Child and Family Traumatic Stress Intervention (CFTSI)

Prevention; Ages 7–18

Effectiveness

(Read the criteria for this rating)
  • Promising delinquency program

Description

Child and Family Traumatic Stress Intervention (CFTSI) is an early intervention and secondary prevention model that aims to reduce traumatic stress reactions and posttraumatic stress disorder (PTSD). It is delivered to children aged 7–18 years who have experienced a potentially traumatic event (PTE), together with their parents or caregivers. Examples of PTE events include sexual and physical abuse, domestic violence, community violence, rape, assault, and motor vehicle accidents. Children are referred by law enforcement, child protective services, pediatric emergency rooms, mental health providers, forensic settings, and schools. The program serves both genders.

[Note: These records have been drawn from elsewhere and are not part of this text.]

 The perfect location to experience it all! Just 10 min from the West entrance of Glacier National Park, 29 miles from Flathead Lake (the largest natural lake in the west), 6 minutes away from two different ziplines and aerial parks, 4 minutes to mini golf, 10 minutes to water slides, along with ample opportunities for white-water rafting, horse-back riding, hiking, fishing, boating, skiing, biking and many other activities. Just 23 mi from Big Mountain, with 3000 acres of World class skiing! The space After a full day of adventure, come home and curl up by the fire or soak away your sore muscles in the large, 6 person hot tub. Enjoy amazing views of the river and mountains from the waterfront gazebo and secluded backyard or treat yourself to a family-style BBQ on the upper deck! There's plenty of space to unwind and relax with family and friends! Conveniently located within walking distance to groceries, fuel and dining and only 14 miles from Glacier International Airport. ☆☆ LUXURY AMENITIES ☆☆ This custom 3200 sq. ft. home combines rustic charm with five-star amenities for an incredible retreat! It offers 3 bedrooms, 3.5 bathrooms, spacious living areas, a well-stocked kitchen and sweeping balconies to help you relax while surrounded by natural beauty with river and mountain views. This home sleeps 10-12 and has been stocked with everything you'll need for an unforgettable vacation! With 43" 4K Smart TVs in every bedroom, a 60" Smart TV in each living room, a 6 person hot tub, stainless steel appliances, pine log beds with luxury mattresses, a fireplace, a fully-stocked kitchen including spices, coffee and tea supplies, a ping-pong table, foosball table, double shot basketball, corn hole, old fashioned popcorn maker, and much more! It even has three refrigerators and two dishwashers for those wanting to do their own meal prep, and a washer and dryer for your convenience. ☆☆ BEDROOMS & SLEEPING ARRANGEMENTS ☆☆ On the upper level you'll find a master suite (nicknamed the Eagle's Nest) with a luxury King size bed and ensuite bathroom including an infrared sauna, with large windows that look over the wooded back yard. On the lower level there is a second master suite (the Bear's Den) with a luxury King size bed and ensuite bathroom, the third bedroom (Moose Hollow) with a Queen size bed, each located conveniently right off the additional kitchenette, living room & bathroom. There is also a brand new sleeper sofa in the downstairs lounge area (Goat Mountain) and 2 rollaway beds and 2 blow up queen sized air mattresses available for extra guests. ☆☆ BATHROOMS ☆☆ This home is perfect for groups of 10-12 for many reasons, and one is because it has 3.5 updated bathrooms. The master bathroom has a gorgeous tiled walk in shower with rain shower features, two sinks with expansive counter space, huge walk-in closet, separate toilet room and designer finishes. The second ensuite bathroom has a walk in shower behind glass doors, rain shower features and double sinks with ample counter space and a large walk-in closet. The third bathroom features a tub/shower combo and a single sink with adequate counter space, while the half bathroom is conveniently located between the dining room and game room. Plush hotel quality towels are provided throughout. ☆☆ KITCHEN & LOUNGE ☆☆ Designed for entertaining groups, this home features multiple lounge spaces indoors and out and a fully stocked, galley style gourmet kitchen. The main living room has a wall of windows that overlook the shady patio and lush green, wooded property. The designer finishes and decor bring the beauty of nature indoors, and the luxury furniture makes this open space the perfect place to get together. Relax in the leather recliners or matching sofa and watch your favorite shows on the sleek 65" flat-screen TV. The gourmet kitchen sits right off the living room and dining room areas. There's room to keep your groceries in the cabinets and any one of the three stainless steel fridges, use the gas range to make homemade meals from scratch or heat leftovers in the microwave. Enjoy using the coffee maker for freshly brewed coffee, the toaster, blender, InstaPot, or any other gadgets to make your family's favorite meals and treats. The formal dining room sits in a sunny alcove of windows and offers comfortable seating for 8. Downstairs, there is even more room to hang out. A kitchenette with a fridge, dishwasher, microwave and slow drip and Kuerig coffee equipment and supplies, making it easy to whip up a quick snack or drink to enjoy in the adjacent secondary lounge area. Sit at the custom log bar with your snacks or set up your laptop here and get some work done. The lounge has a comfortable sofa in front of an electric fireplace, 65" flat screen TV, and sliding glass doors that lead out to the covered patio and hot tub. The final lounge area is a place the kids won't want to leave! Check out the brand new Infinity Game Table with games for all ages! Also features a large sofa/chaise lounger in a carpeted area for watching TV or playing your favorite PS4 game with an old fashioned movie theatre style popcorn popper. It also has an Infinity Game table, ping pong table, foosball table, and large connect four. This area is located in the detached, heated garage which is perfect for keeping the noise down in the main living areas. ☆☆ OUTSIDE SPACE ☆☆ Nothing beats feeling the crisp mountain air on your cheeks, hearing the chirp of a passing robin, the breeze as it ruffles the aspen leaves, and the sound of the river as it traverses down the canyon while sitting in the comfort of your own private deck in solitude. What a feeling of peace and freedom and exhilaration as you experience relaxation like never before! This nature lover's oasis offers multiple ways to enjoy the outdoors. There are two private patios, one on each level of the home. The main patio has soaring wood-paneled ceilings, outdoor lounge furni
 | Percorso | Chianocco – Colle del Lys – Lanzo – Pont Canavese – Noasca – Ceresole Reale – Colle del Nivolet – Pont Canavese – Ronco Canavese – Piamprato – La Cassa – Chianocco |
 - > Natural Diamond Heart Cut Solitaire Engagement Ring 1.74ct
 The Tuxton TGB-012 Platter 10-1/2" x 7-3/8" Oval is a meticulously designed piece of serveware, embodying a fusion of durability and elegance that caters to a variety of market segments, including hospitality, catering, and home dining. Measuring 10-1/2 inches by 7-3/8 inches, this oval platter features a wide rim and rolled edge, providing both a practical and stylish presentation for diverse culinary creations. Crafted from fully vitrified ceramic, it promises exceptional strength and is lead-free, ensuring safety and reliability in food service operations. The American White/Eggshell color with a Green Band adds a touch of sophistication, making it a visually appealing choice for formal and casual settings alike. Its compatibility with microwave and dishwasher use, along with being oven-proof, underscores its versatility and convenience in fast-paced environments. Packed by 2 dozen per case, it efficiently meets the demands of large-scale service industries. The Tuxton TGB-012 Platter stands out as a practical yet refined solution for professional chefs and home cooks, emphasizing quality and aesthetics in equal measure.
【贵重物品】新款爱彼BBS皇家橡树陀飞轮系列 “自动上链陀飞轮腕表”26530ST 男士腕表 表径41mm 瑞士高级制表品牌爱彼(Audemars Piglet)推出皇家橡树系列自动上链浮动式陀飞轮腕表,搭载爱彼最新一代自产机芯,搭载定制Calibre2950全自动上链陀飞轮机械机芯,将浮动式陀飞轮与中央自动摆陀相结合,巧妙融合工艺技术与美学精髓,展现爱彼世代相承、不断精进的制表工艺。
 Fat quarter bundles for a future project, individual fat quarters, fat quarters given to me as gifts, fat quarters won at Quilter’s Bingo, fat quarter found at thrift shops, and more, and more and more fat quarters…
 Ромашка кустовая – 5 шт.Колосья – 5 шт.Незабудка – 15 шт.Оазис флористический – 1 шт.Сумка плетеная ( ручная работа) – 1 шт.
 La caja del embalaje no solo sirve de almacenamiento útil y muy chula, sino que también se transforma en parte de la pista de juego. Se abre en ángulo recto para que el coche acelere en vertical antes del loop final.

In the first session, treatment providers meet with the parent or caregiver alone. During this session, providers discuss external stressors related to the PTE, and a case management plan is established. The second session occurs as close to the first session as possible and includes the provider, child, and parent or caregiver. The third session includes all three participants, where the child completes questionnaires, with the parent or caregiver providing perspective on the items mentioned. The main emphasis is adjustment of communication efforts to improve the effectiveness of behavioral skill modules as well as other supportive measures. Delivery of the final session is almost identical to that of the third, with the end of this session focused on future check-ins and possible plans for more extensive treatments.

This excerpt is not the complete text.